#### [Action item]
From the records below, please print only the lines from the one containing "少し早いですが、書き初め展の" through the one containing "Αρχικά τις πρωινές", both included. Skip the pictures.
☆ ☆ ☆ ☆ ☆
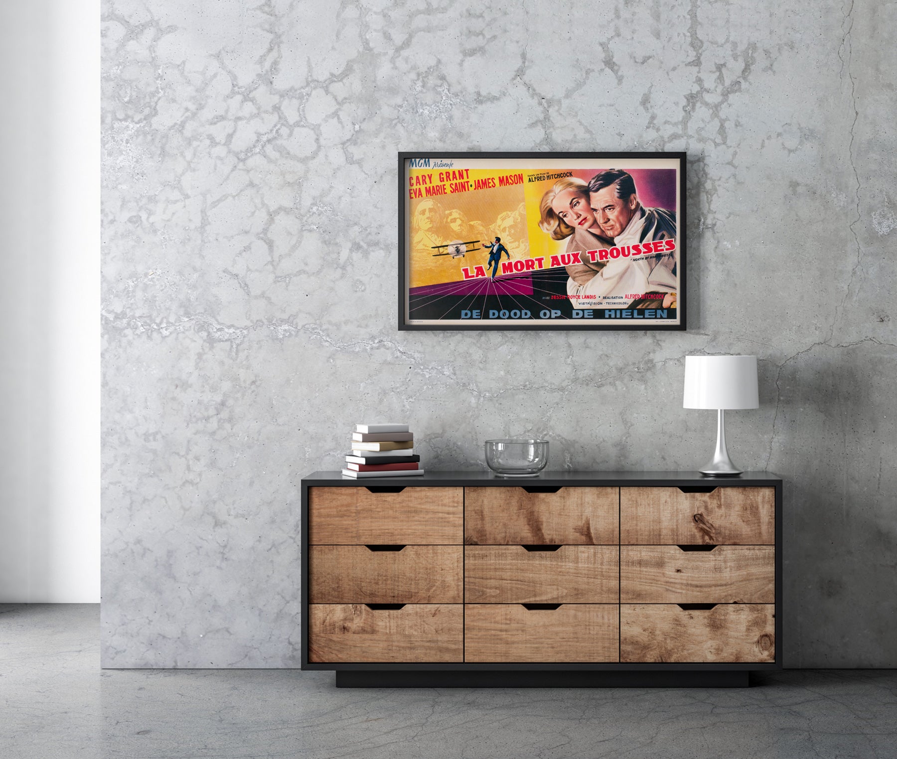 This original 1959 Belgian poster for Alfred Hitchcock’s North by Northwest — released in French-speaking regions as La Mort Aux Trousses — features distinctive painted artwork that sets it apart from the widely recognised Saul Bass designs used in the U.S. release.
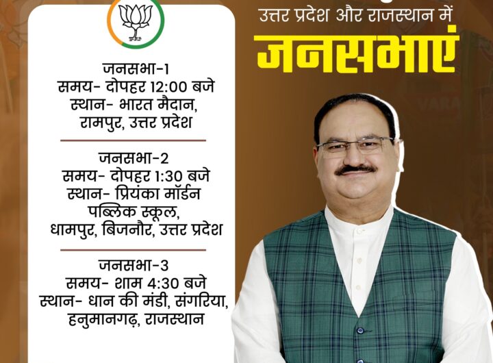 नई दिल्ली, 08 अप्रैल । भारतीय जनता पार्टी (भाजपा) के राष्ट्रीय अध्यक्ष जेपी नड्डा आज उत्तर प्रदेश...
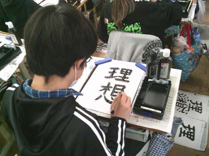 少し早いですが、書き初め展の出品を控えており、書き初めをしました。6年生は「理想」と書きました。これまでの学習を生かして、丁寧に取り組んでいました。
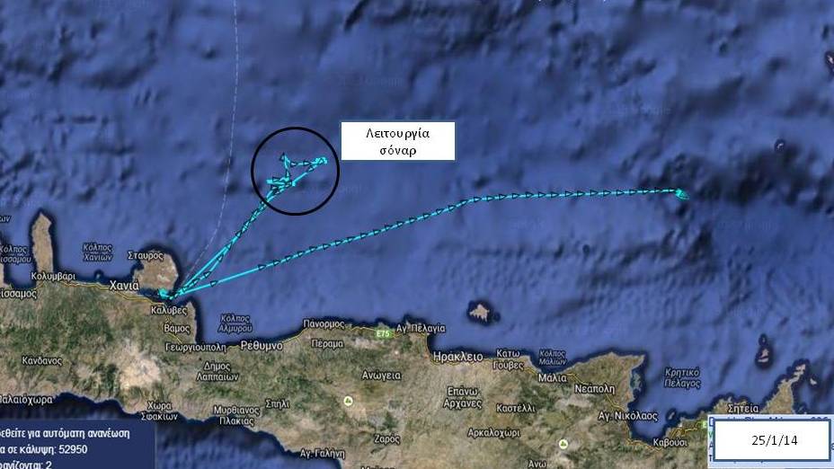 Αρχικά τις πρωινές ώρες 25/1/2014 πήγε βορειοδυτικά των ΧΑΝΙΩΝ και αφού μπήκε στην ΣΟΥΔΑ ξαναβγήκε το απόγευμα άμεσα και πήγε βόρεια της ΣΟΥΔΑΣ.
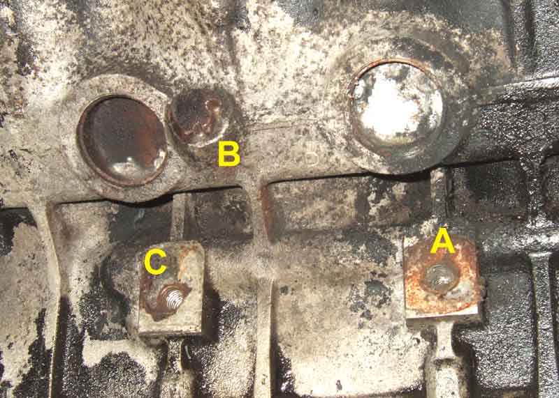 At least one person has said his block doesn't have a tapped hole for the fixing bolt, but both my original and an engine from elsewhere both have it. 'A' is the lower mounting point for the engine mounting plate, 'B' is the block drain plug, and 'C' is the hole for the heat shield:
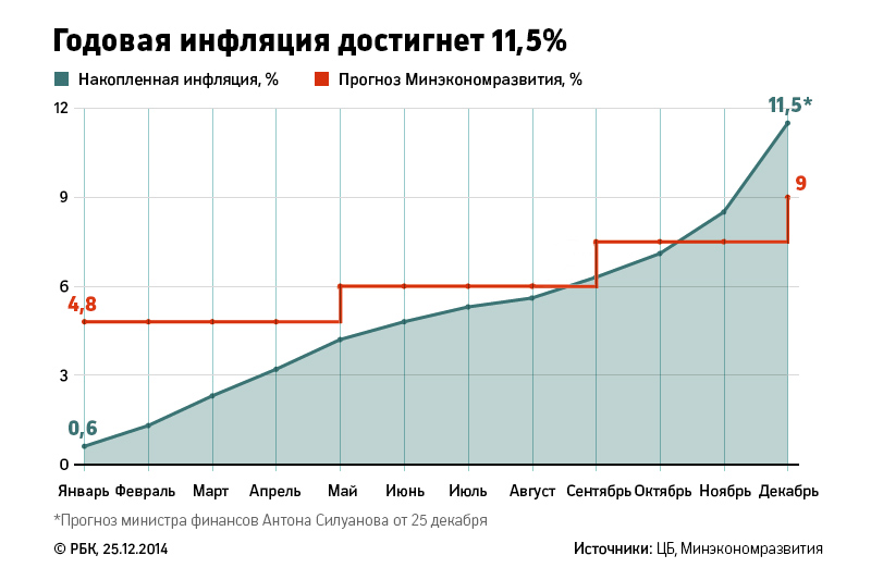 В этом году Минэкономразвития пересматривало официальный прогноз по инфляции трижды. Первоначальный прогноз к концу года был увеличен почти в два раза – с 4,8 до 9%. В реальности же, как заявил 25 декабря министр финансов Антон Силуанов, «по году, скорее всего, она будет где-то 11,5%, может быть, чуть больше».
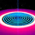 This artist's conception shows how material from the rotating, magnetized neutron star at the heart of the Crab Nebula is flung outward and along the axis to form a thick ring and jets.
☆ ☆ ☆ ☆ ☆
#### [Solution below]
 少し早いですが、書き初め展の出品を控えており、書き初めをしました。6年生は「理想」と書きました。これまでの学習を生かして、丁寧に取り組んでいました。
 Αρχικά τις πρωινές ώρες 25/1/2014 πήγε βορειοδυτικά των ΧΑΝΙΩΝ και αφού μπήκε στην ΣΟΥΔΑ ξαναβγήκε το απόγευμα άμεσα και πήγε βόρεια της ΣΟΥΔΑΣ.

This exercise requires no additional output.